*** Source data ***

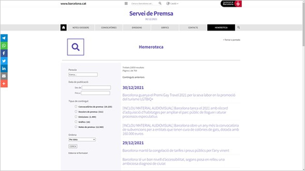 - La nova secció Hemeroteca que permet cercar entre tots els continguts del web per paraula clau, data o tipus de contingut de forma dinàmica
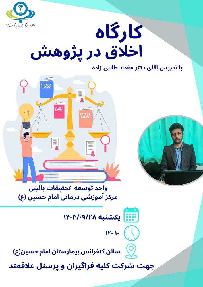| 7 | 1403/09/28 | اخلاق در پژوهش | آقای دکتر طالبی زاده |
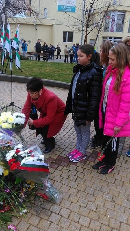 Учениците взеха участие и в общоградска възпоменателна церемония и поднасяне на цветя пред паметника на Апостола на свободата от 12.00 ч. на площад "Васил Левски".
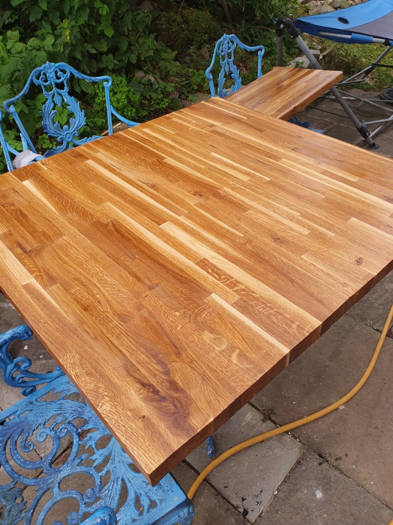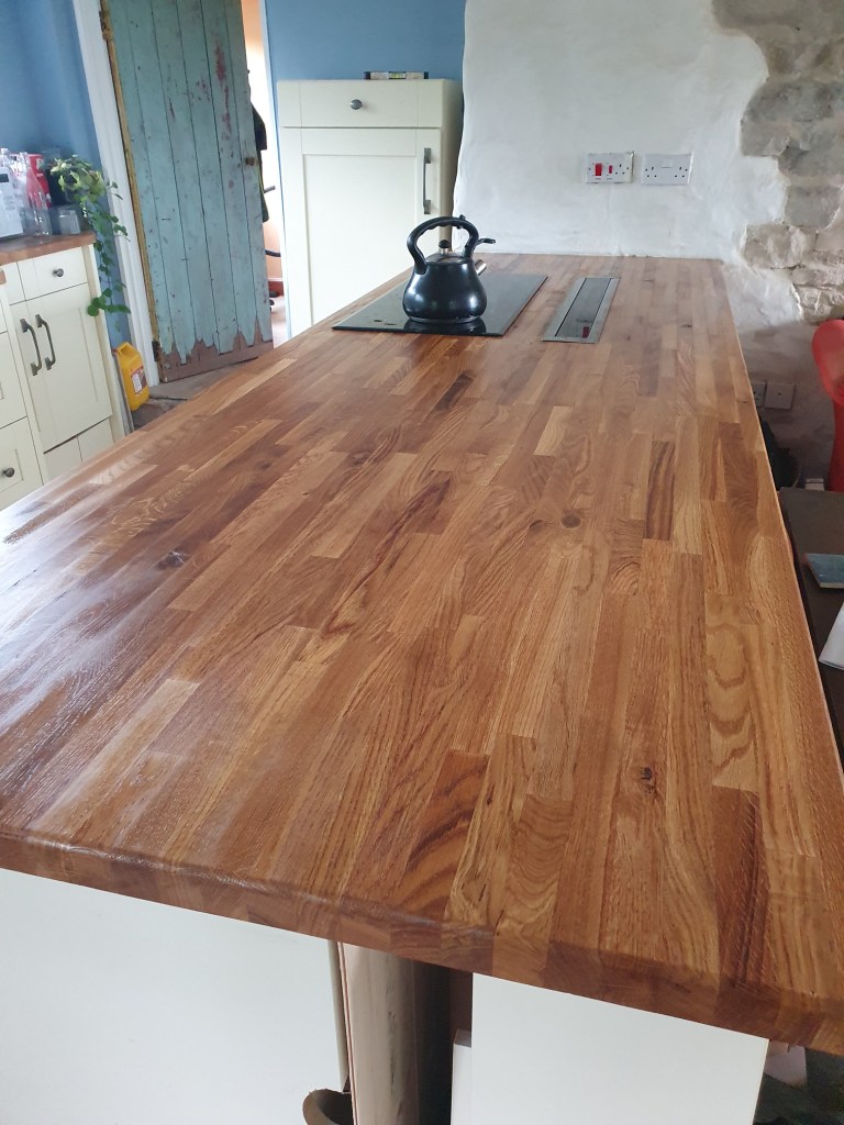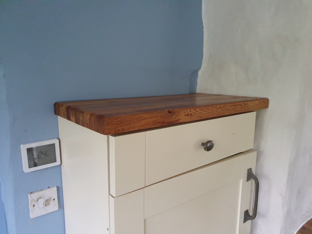 Alongside the worktops, Chris shaped and treated a top for one of our cupboards from a leftover piece of worktop.
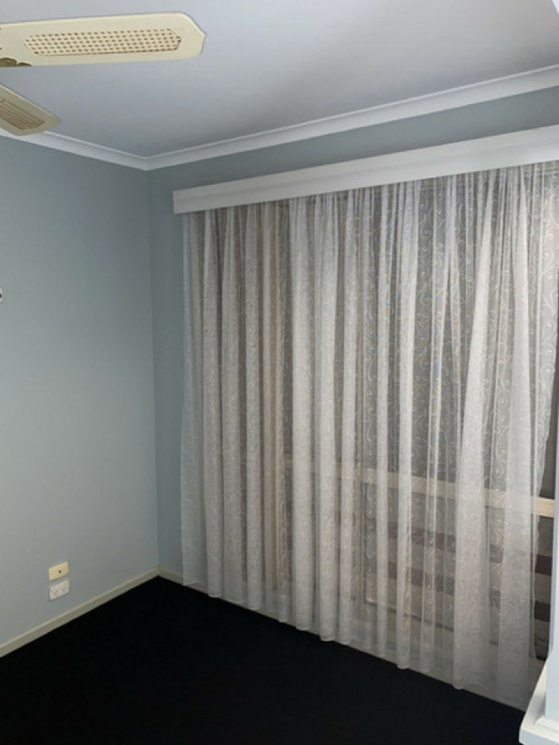 - 2 generously sized bedrooms, both with ceiling fans, master has a good size Robe, with carpeted bedrooms.
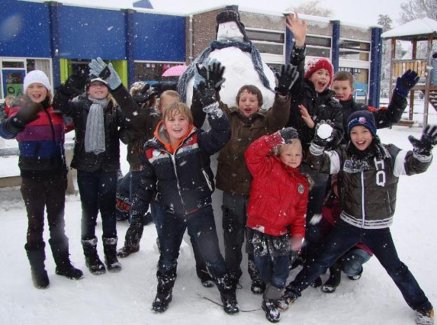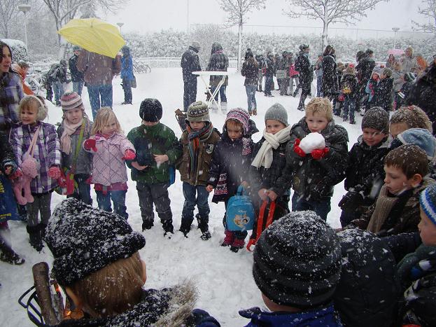 Het was vooral ook leuk dat het ging sneeuwen en de kinderen vermaakten zich dan ook goed met het maken van enorme sneeuwpoppen. Dit alles was een initiatief van een aantal moeders. Heel erg bedankt hiervoor, enne...volgend jaar weer?
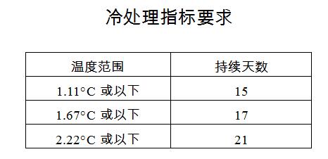 1.1 裝運前冷處理只能在MAFDR和GACC批準的冷處理設施內進行;
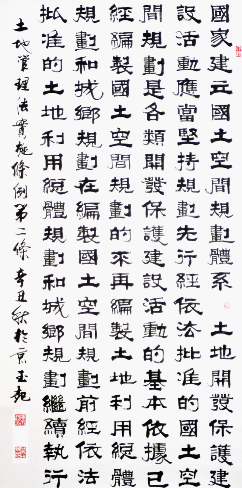 繼1600余位書法家參與書寫《中華人民共和國民法典》全部1260條法條之后,法治日報社聯(lián)合自然資源部法規(guī)司、自然資源部書畫研究會和北京昌平書法家協(xié)會,將筆端對準土地管理“一法一條例”,即《中華人民共和國土地管理法》和《中華人民共和國土地管理法實施條例》。

*** End of Source data ***

_Exercise description_
You need to restate all of the entries above exactly and leave the pictures behind.

_Reply to the exercise_
 - La nova secció Hemeroteca que permet cercar entre tots els continguts del web per paraula clau, data o tipus de contingut de forma dinàmica
| 7 | 1403/09/28 | اخلاق در پژوهش | آقای دکتر طالبی زاده |
 Учениците взеха участие и в общоградска възпоменателна церемония и поднасяне на цветя пред паметника на Апостола на свободата от 12.00 ч. на площад "Васил Левски".
 Alongside the worktops, Chris shaped and treated a top for one of our cupboards from a leftover piece of worktop.
 - 2 generously sized bedrooms, both with ceiling fans, master has a good size Robe, with carpeted bedrooms.
 Het was vooral ook leuk dat het ging sneeuwen en de kinderen vermaakten zich dan ook goed met het maken van enorme sneeuwpoppen. Dit alles was een initiatief van een aantal moeders. Heel erg bedankt hiervoor, enne...volgend jaar weer?
 1.1 裝運前冷處理只能在MAFDR和GACC批準的冷處理設施內進行;
 繼1600余位書法家參與書寫《中華人民共和國民法典》全部1260條法條之后,法治日報社聯(lián)合自然資源部法規(guī)司、自然資源部書畫研究會和北京昌平書法家協(xié)會,將筆端對準土地管理“一法一條例”,即《中華人民共和國土地管理法》和《中華人民共和國土地管理法實施條例》。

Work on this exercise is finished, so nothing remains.